▸ WHAT IS NEEDED: When the line with "Gegentore: 0:1 muss" turns up below, begin repeating exactly, and carry on through the line with "Naklejka premium Abstract"; no pictures go into the copy.

▸ DATA EXCERPTS:
= Beginning of Section =

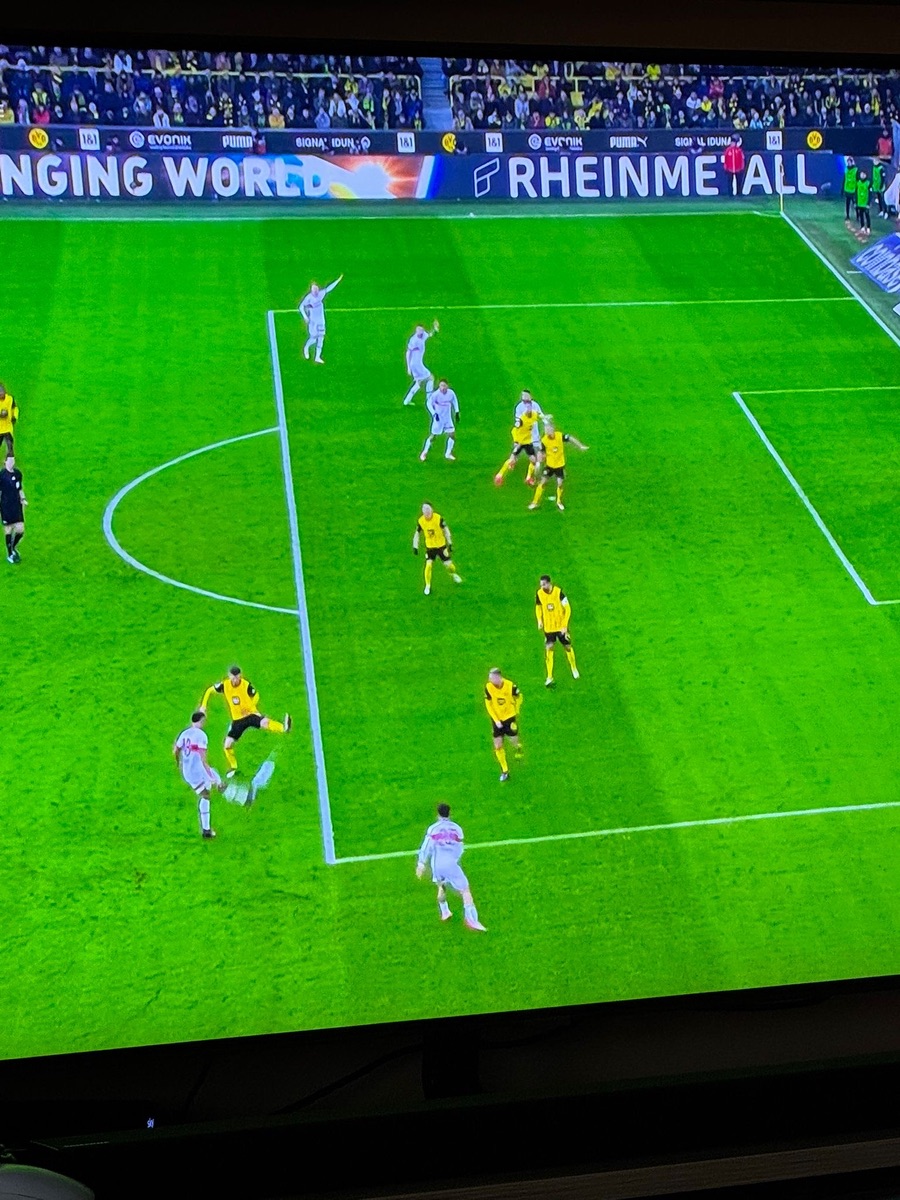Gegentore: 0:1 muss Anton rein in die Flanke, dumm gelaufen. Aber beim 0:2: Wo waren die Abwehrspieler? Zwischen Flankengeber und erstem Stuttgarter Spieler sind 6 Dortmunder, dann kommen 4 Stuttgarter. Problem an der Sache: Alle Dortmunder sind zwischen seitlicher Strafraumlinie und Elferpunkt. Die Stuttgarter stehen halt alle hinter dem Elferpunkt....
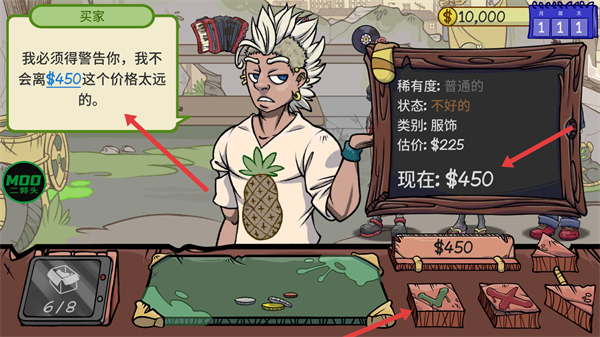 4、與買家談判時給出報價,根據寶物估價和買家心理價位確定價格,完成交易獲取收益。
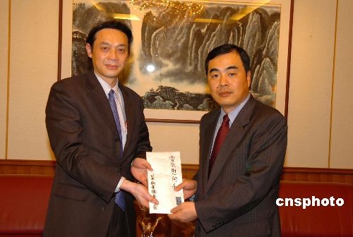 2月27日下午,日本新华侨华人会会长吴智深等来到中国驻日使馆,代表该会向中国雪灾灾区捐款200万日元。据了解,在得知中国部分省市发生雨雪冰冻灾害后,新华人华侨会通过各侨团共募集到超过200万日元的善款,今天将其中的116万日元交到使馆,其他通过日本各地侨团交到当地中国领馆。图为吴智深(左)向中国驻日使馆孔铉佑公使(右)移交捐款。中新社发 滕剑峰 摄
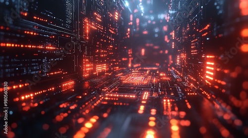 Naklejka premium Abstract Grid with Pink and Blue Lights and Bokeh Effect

= End of Section =
= Beginning of Section =

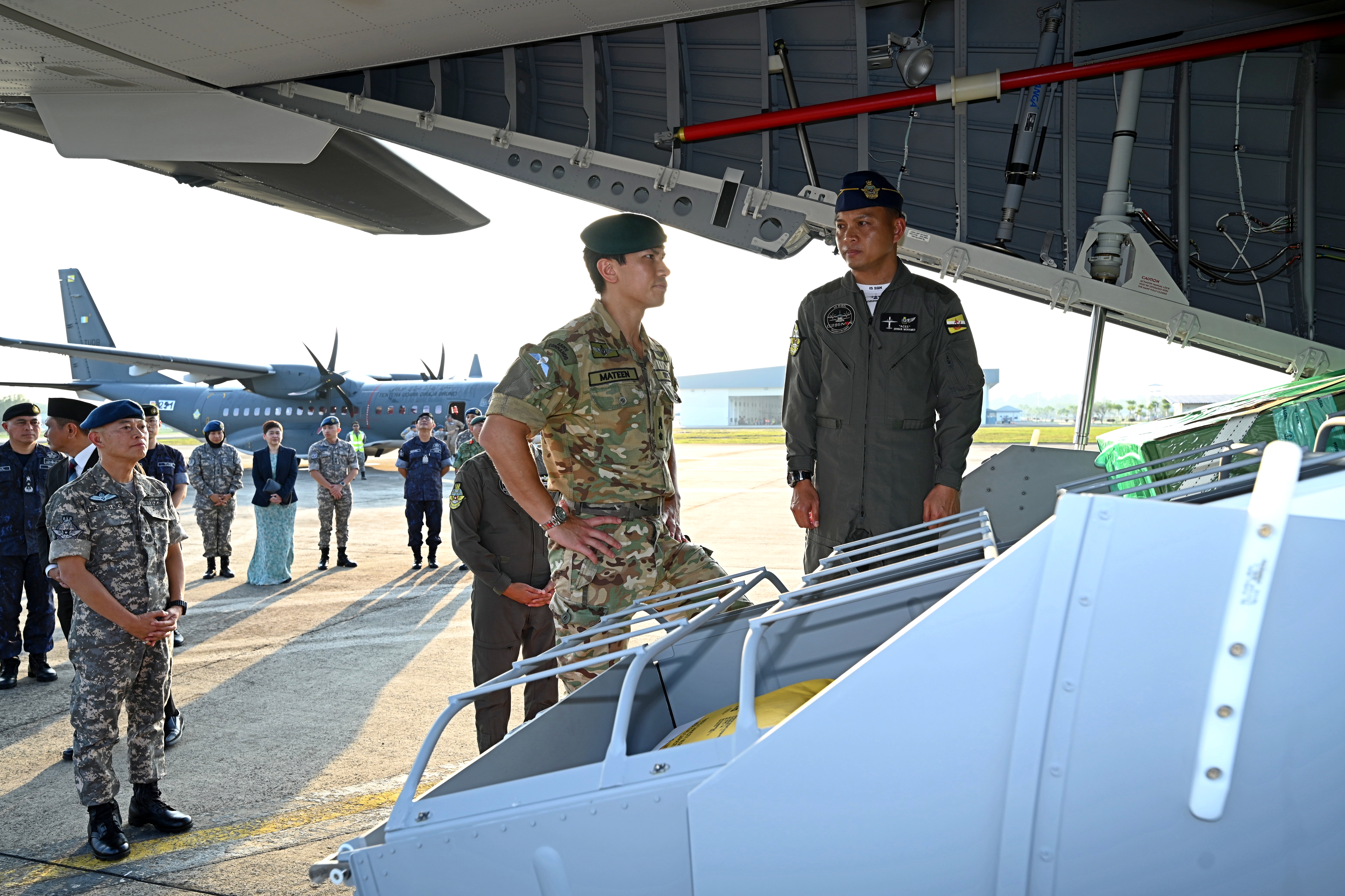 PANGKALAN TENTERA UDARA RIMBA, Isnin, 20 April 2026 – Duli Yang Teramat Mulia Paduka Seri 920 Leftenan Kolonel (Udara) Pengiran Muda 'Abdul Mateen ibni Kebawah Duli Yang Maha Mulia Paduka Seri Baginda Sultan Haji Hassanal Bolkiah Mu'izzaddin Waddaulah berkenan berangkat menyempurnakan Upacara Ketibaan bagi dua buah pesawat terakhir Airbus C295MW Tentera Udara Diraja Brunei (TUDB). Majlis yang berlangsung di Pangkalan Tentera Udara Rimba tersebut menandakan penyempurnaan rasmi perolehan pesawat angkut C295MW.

= End of Section =
= Beginning of Section =

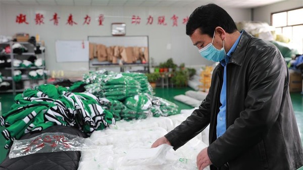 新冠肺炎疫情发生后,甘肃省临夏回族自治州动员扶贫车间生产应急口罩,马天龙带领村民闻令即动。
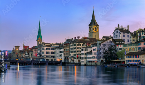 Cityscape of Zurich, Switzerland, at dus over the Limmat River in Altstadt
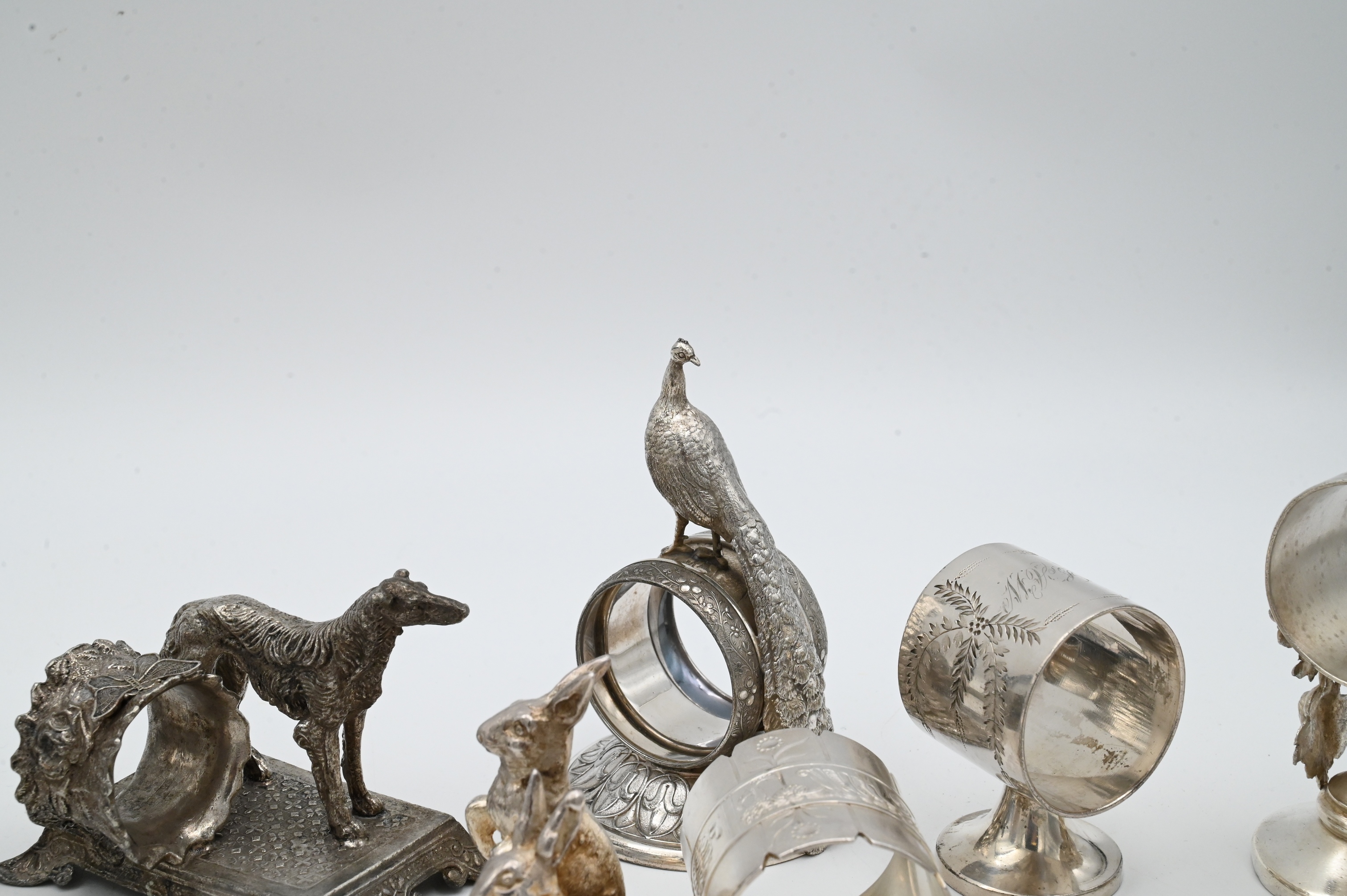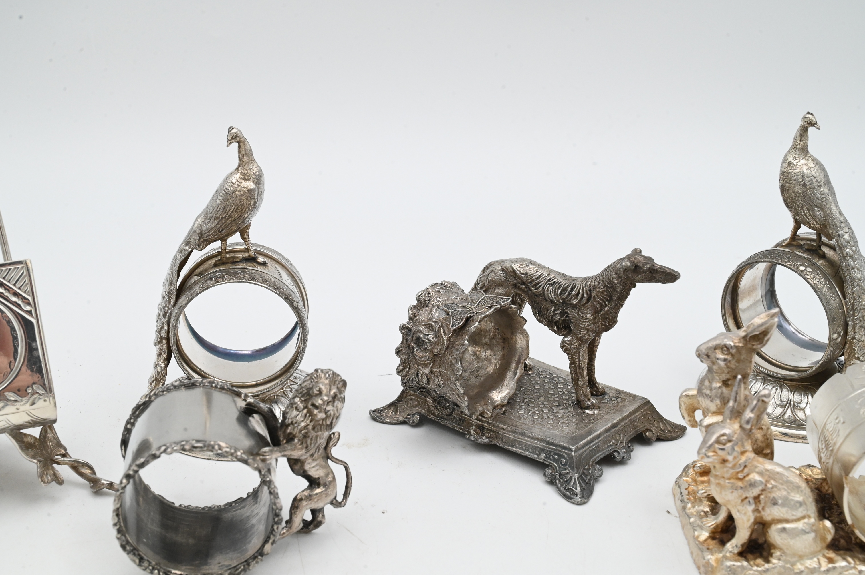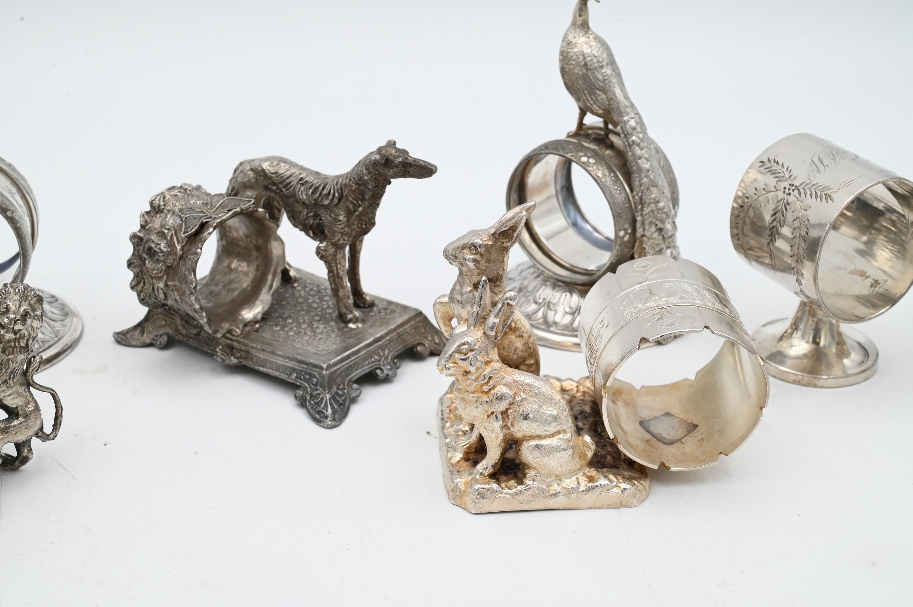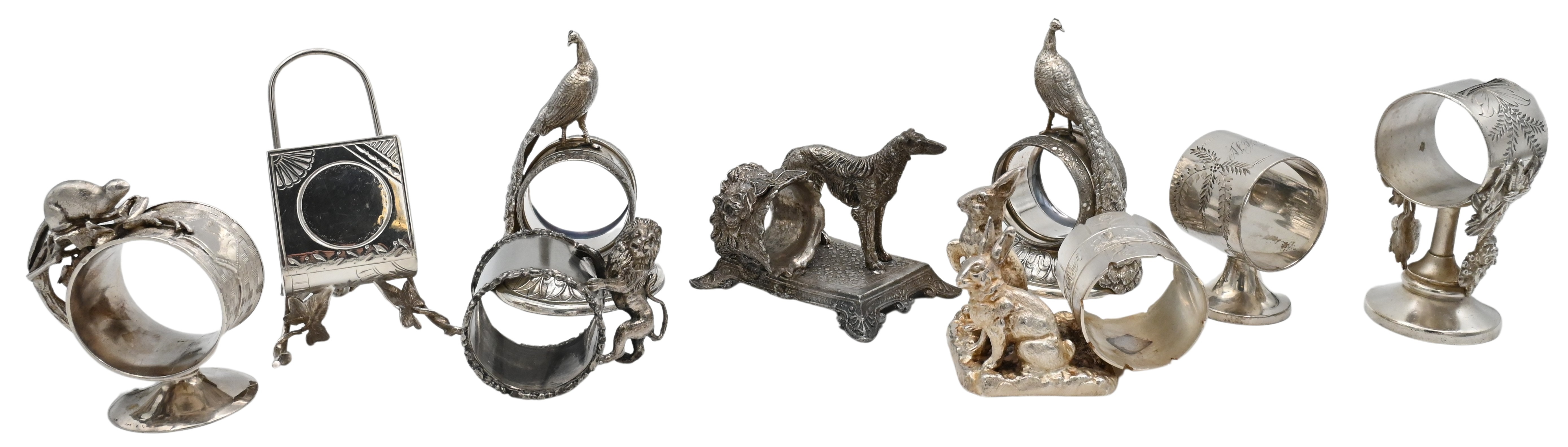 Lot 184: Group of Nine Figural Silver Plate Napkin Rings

= End of Section =

▸ ANSWER TO THE EXERCISE:
Gegentore: 0:1 muss Anton rein in die Flanke, dumm gelaufen. Aber beim 0:2: Wo waren die Abwehrspieler? Zwischen Flankengeber und erstem Stuttgarter Spieler sind 6 Dortmunder, dann kommen 4 Stuttgarter. Problem an der Sache: Alle Dortmunder sind zwischen seitlicher Strafraumlinie und Elferpunkt. Die Stuttgarter stehen halt alle hinter dem Elferpunkt....
 4、與買家談判時給出報價,根據寶物估價和買家心理價位確定價格,完成交易獲取收益。
 2月27日下午,日本新华侨华人会会长吴智深等来到中国驻日使馆,代表该会向中国雪灾灾区捐款200万日元。据了解,在得知中国部分省市发生雨雪冰冻灾害后,新华人华侨会通过各侨团共募集到超过200万日元的善款,今天将其中的116万日元交到使馆,其他通过日本各地侨团交到当地中国领馆。图为吴智深(左)向中国驻日使馆孔铉佑公使(右)移交捐款。中新社发 滕剑峰 摄
 Naklejka premium Abstract Grid with Pink and Blue Lights and Bokeh Effect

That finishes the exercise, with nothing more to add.